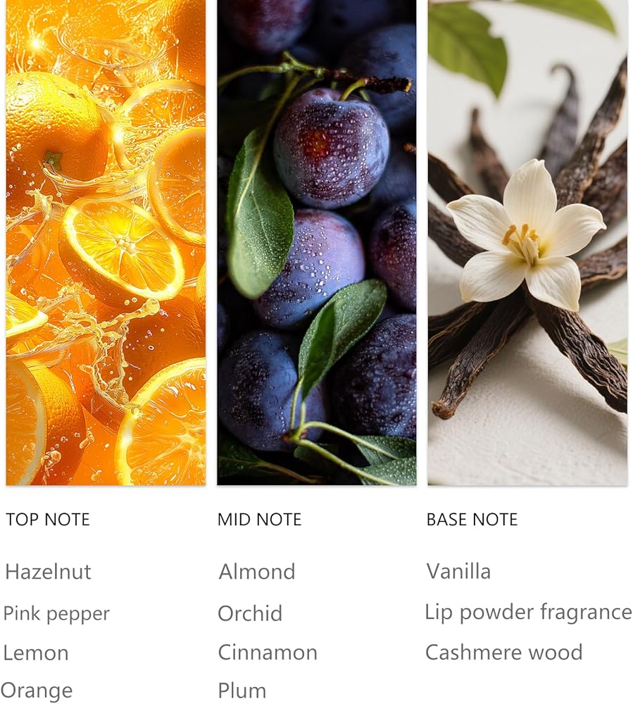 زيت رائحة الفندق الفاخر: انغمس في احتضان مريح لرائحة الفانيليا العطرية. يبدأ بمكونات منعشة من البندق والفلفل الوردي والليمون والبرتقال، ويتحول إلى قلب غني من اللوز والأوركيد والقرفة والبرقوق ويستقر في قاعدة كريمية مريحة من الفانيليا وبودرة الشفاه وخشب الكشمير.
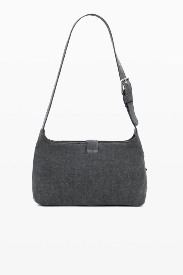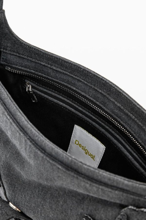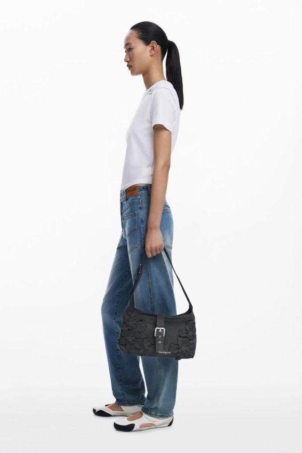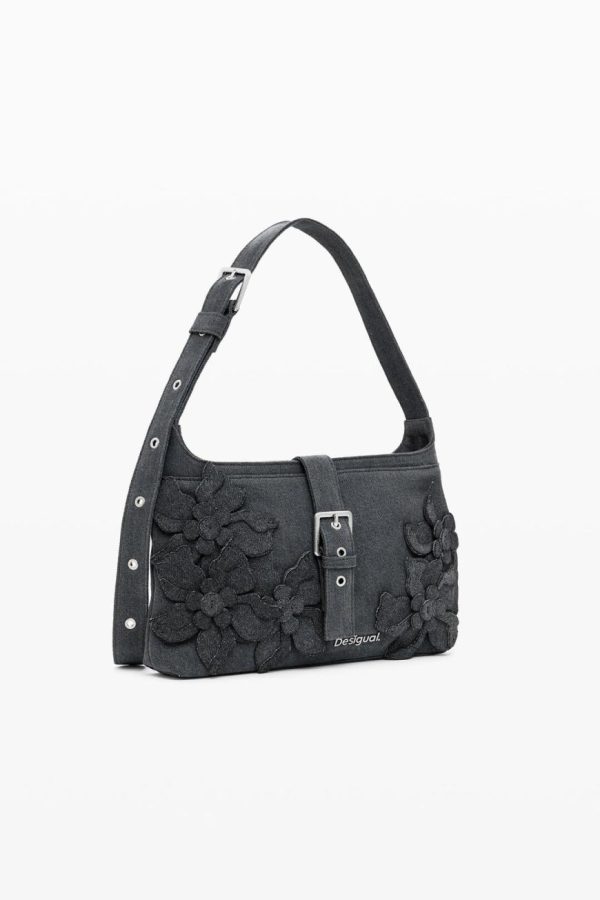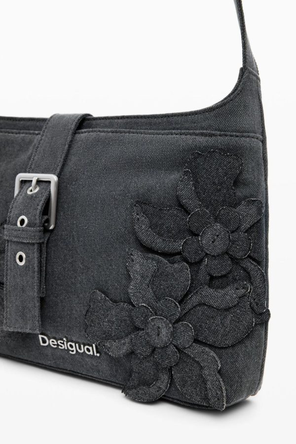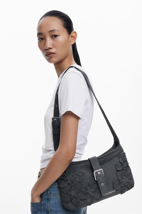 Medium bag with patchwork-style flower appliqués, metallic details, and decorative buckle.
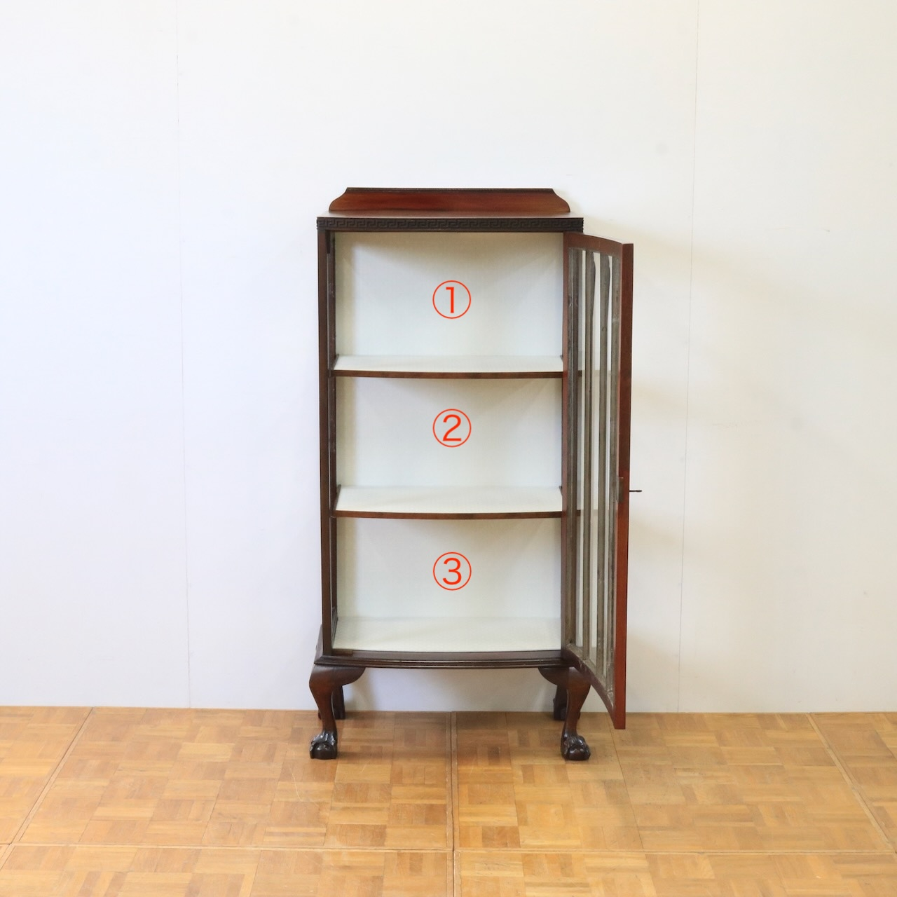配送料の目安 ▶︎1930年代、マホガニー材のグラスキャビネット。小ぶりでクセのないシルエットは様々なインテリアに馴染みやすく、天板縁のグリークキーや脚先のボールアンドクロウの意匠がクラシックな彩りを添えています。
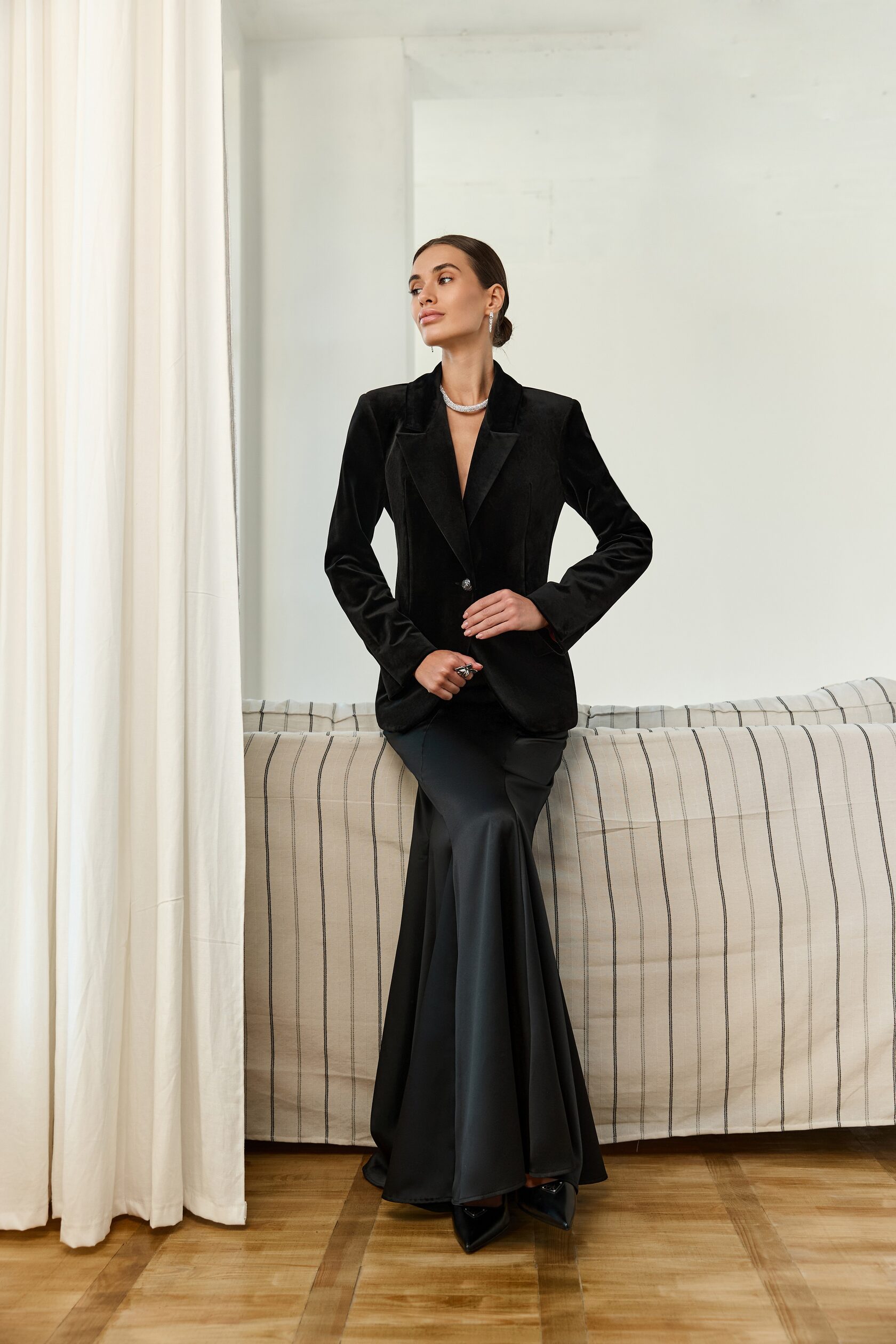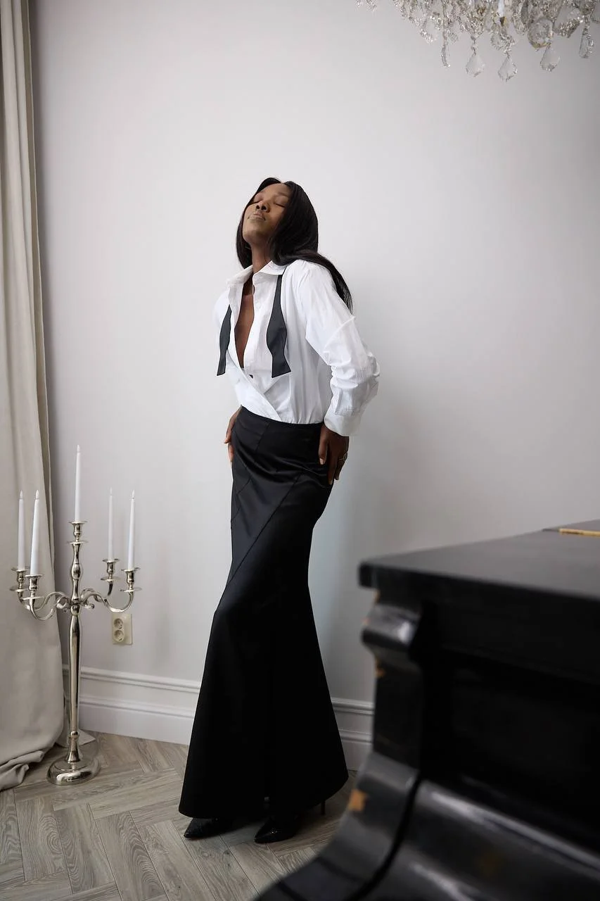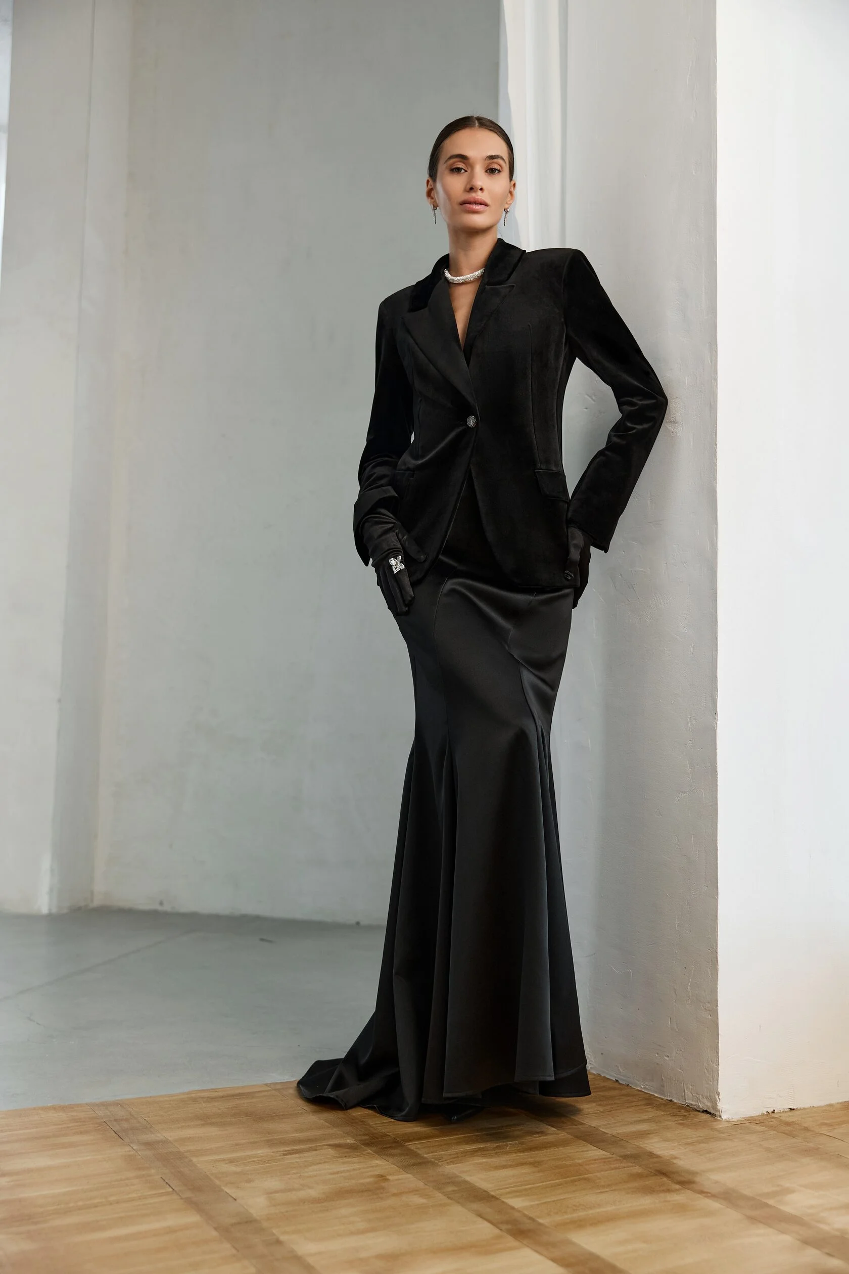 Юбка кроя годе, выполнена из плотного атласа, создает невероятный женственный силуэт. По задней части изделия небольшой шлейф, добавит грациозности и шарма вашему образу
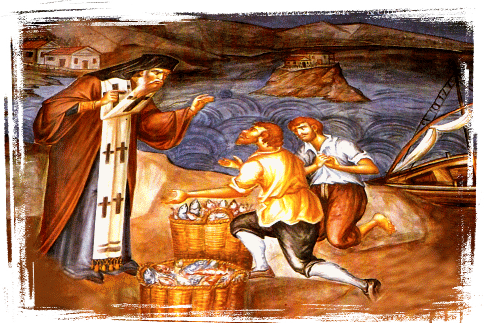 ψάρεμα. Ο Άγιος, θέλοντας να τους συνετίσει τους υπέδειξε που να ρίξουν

■ **What to produce**:
In the copy, include all records verbatim but no images.

■ **Exercise solution**:
 زيت رائحة الفندق الفاخر: انغمس في احتضان مريح لرائحة الفانيليا العطرية. يبدأ بمكونات منعشة من البندق والفلفل الوردي والليمون والبرتقال، ويتحول إلى قلب غني من اللوز والأوركيد والقرفة والبرقوق ويستقر في قاعدة كريمية مريحة من الفانيليا وبودرة الشفاه وخشب الكشمير.
 Medium bag with patchwork-style flower appliqués, metallic details, and decorative buckle.
配送料の目安 ▶︎1930年代、マホガニー材のグラスキャビネット。小ぶりでクセのないシルエットは様々なインテリアに馴染みやすく、天板縁のグリークキーや脚先のボールアンドクロウの意匠がクラシックな彩りを添えています。
 Юбка кроя годе, выполнена из плотного атласа, создает невероятный женственный силуэт. По задней части изделия небольшой шлейф, добавит грациозности и шарма вашему образу
 ψάρεμα. Ο Άγιος, θέλοντας να τους συνετίσει τους υπέδειξε που να ρίξουν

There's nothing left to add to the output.